Personal details
- Born: February 1977 Sabra, Gaza City
- Died: 7 June 2025 (aged 48) Gaza City, Gaza Strip
- Cause of death: Assassination by airstrike

Military service
- Allegiance: Palestinian Mujahideen Movement
- Branch/service: Mujahideen Brigades
- Rank: General-Secretary
- Battles/wars: Gaza war 2023 Hamas-led attack on Israel; 2023 Israeli invasion of the Gaza Strip X; ;

= As'ad Abu Shari'a =

Mujahideen Brigades leader (1977–2025)

As'ad Abu Shari'a (Arabic:الأسعد أبو شريعة), also known as Asaad Abu Sharia or Abu al-Shayk, was a Palestinian militant and the leader of Palestinian Mujahideen Movement and its armed wing Mujahideen Brigades.

==Early life==
Abu Shari'a was born into a Palestinian refugee family in Sabra, Gaza City. He
earned a law degree from Al‑Azhar University, Gaza. He began his career in Gaza’s local judiciary before transitioning to political and military leadership.

==Militant career==
On 24 April 2007, he became the Secretary-General of the Palestinian Mujahideen Movement and also Commander of its armed wing Mujahideen Brigades, assuming leadership following his brother’s death from the injuries sustained in an Israeli assassination attempt.

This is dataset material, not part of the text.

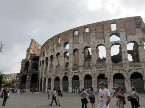 コロッセオの前で、ガイドさんから歴史や概要を聞く。当時7万人も収容できたのも凄いが、上部に布製の屋根が付いていたのは驚き。今回初めて知った。コロッセオに入場する観光客は多い。長い行列が出来ていたが、我々は団体客の入口から比較的簡単に入場。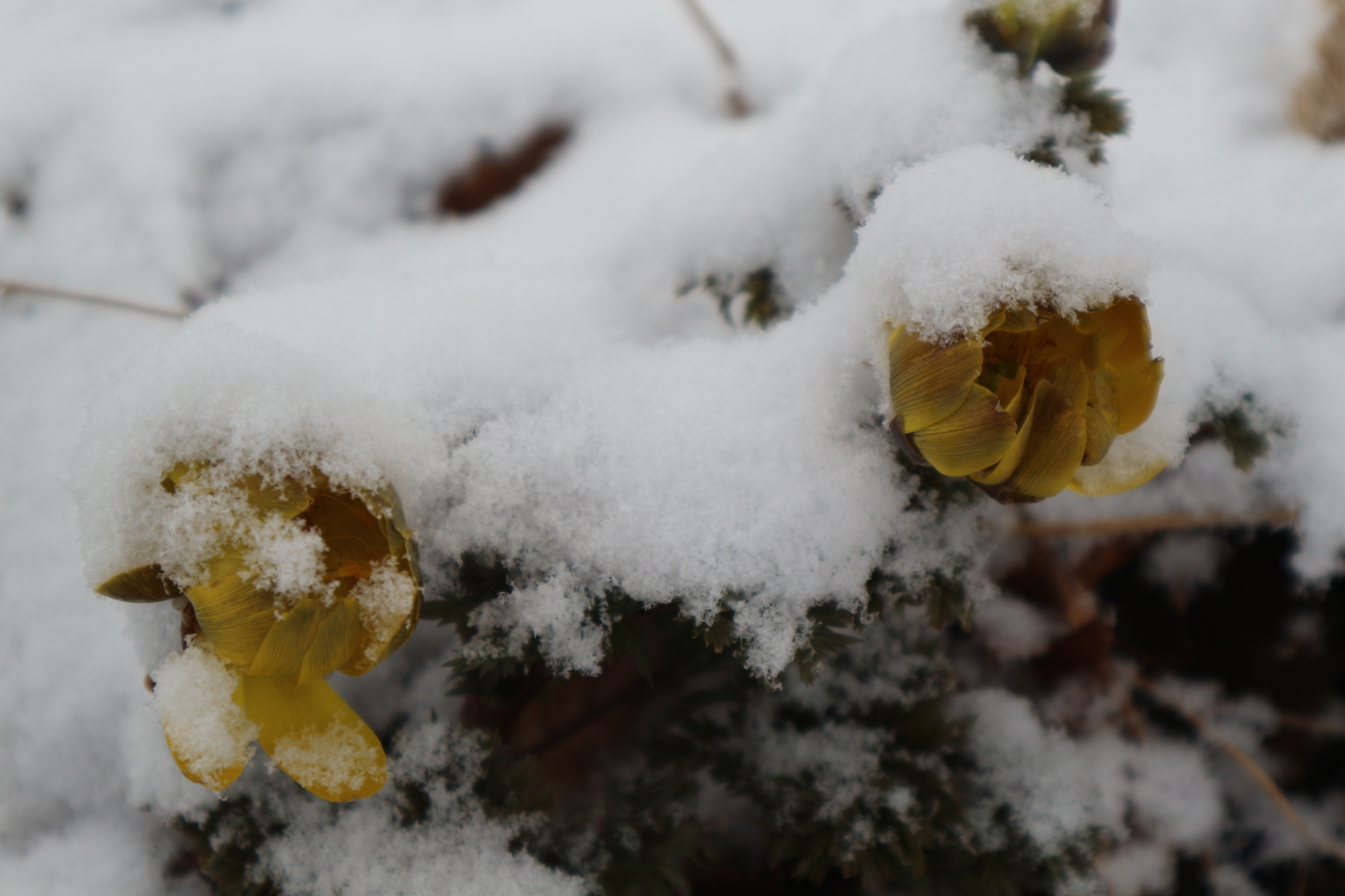 白い雪黄色い福寿草 まつり最終日

Under his leadership, the Brigades became active in both the Gaza Strip and West Bank, coordinating with Hamas and Palestinian Islamic Jihad under the Palestinian Joint Operations Room.

===Gaza War===
Abu Shari'a was identified by Israeli authorities as a key planner and participant in the Nir Oz attack during the 2023 Hamas-led attack on Israel.

Under his leadership, he was linked to kidnapping and killing of Israeli civilians, including Shiri Bibas and her two young sons, the American-Israeli couple Gad Haggai and Judi Weinstein-Haggai, Thai hostage Nattapong Pinta, and at least one other foreign national.

==Assassination==
On 7 June 2025, an Israeli airstrike killed him in a Sabra neighbourhood in Gaza City alongside his wife, children, his brother, Ahmed, and senior operative Mahmoud Muhammad Hamid Kuhail.

The Mujahideen Brigades also confirmed his death along with his family.